A previous article (August 2 2006) by Deibert on the violence in Martissant also ignored the numerous documented attacks and killings carried out by the group, acknowledging only the charges that "a former police official" was accused of "financing and organizing a gang known as Lamè Ti Machet". He makes no mention of the numerous and well recorded Lame Ti Manchet attacks.
>
According to human rights workers active consistently in Martissant, such as those within AUMOHD and the Community Human Rights Councils (CHRC), it is the Lame Ti Manchet that has been responsible for the vast amount of reported attacks over the last few years and is the driving force behind violence in the area. Also the Komisyon Episkopal Nasyonal Jistis ak Lapè has gathered statistics over the last few years that also show the Lame Ti Manchet was the main perpetrator of violence in the area. This does not mean that Baz Gran Ravine and armed groups committed no violence, but it does mean that according to human rights workers and community groups in Martissant the vigilante group known as Lame Ti Manchet conducted the huge majority of recorded violence and was really a driving force for killings in the area. Disturbingly Lame Ti Manchest was also documented to have had connections with the police force during the interim government.

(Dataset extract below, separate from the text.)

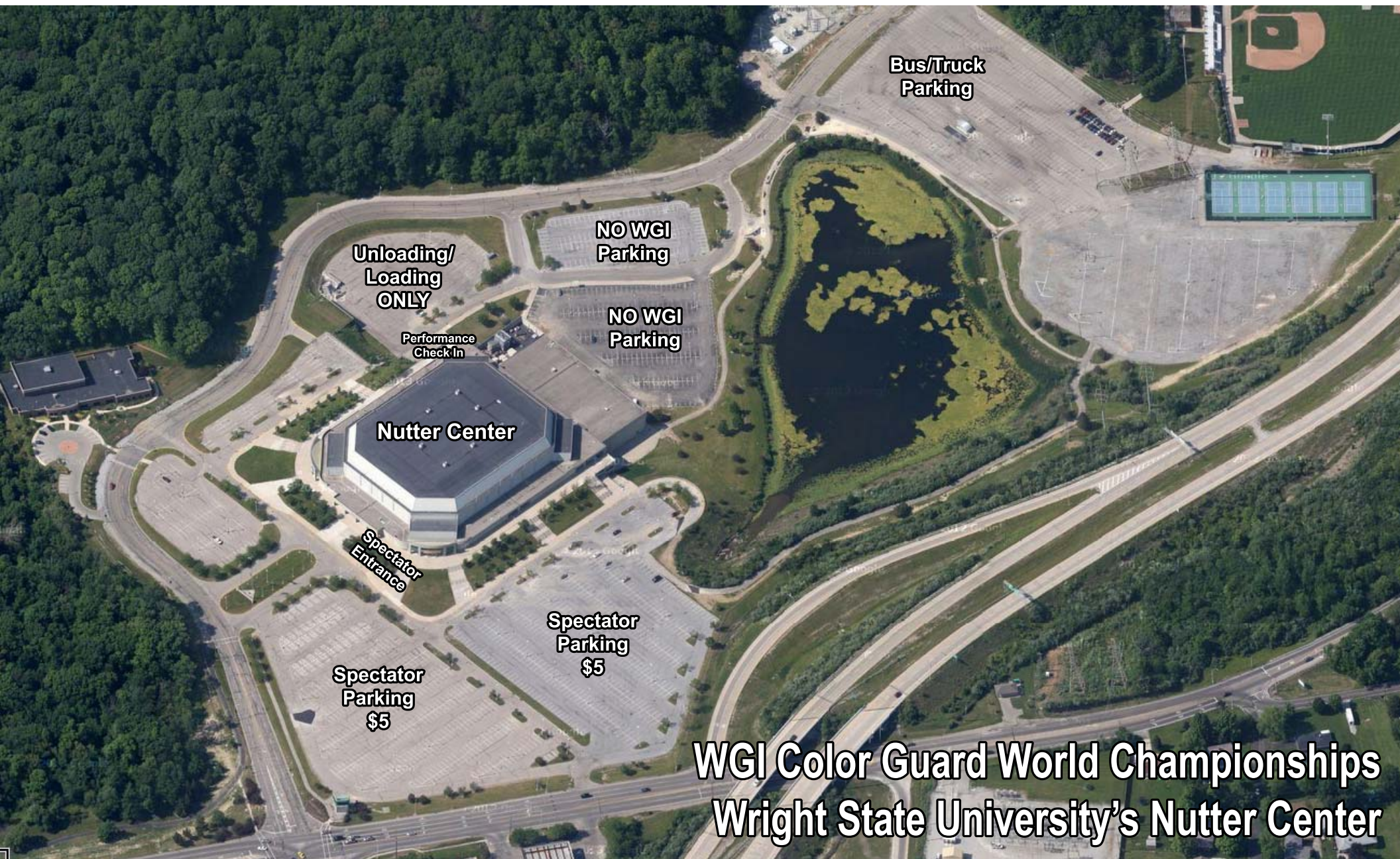
WGI Color Guard World Championships Wright State University's Nutter Center

AUMOHD observed that the 2006 massacre conducted by Lame Ti Manchèt "was meant as a smoke screen to provoke Baz Gran Ravine into a retaliation and thereby distract from the push to get police and civilians involved with Lame Ti Manchèt into jail. AUMOHD'S community human rights council (CHRC) coordinator, Esterne Bruner, was assassinated by Lame Ti Manchèt 9/21/06. But there has not been any retaliation reported. Instead the CHRC, non-violent and non-partisan, continues to prosecute all the killings".

Other attacks conducted by Lame Ti Manchet which is also ignored by Deibert include a massacre of 21 people, the burning down of 300 homes 7/9/06, and a massacre carried out jointly with the Haitian police at a USAID sponsored soccer tournament 8/20/05. The attempts at transference and manipulation are important to document because they show how scientific human rights studies (Lancet, Miami University Griffin report, etc) and testimony collected by human rights workers (AUMOHD, CHRC, IJDH) from poor victims of violence is ignored. Many of the same authors/groups that ignore the reports coming from Martissant also ignored the half dozen human rights reports that came out during the 04-06 period showing the interim government's role in violence against slum dwellers, such as the extrajudicial killing of young journalist Abdias Jean.

Human rights workers on the ground in Martissant now report that the wife of Rudy Kernizan has been apprehended. Rudy himself - chief of the vigilante Lame Ti Manchet - has escaped reportedly to the Dominican Republic. In early February human rights workers reported that several (3-4) Lame Ti Manchet people were arrested by MINUSTAH and the Haitian police. Another 31 individuals were arrested days ago in Martissant.